Founded in 1993, Tower Semiconductor manufactures analog integrated circuits for more than 300 customers worldwide. In addition to gaining more manufacturing capabilities, Intel will gain access to Tower's portfolio of expertise, including radio frequency, power and industrial sensors. Intel will also gain access to Tower's extensive IP and electronic design automation partnership.
The companies expect to complete the acquisition in early 2023.

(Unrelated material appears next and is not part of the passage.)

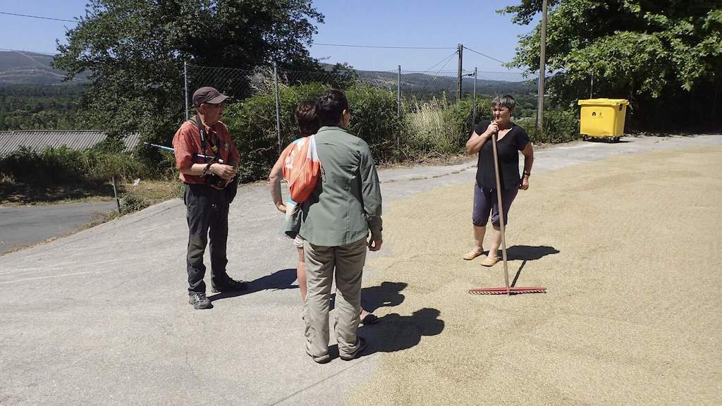 A pesares de que imos con tempo, o percorrido facémolo rápido, permitíndonos admirar de novo San Cristovo e andar polo seu adro, practicamente pechado polos nichos. Tamén aproveitamos para botar unha parrafada cunha veciña de Busto mentres estende a semente de raigrass polo campo da festa para que seque, e poder sementalo máis adiante. Bueno, campo da festa, aparcadoiro cando hai enterro, eira… un espazo arreglado polos veciños e de uso comunal, segundo nos di.

10. Google acquires cybersecurity firm Mandiant for $5.4 billion
Google completed the acquisition of Mandiant in September. Mandiant, formerly known as FireEye, provides a security detection and response platform as well as detection and management services.
Google Cloud CEO Thomas Kurian said that the company plans to "reinvent security" for customers through this move, and the acquisition of Mandiant significantly expands Google's network security capabilities in real-time threat intelligence and incident response.
Google Cloud stated that the acquisition of Mandiant will strengthen Google Cloud’s existing security services, including Zero Trust Security Solution BeyondCorp Enterprise, Malware Analysis Service VirusTotal, Cloud Computing Native Security Information and Event Management (SIEM) Platform Chronicle, Security Monitoring and Security Management guidance services, etc., allow Google Cloud to provide end-to-end security operation services, so that enterprises can be guaranteed at every stage of the security life cycle.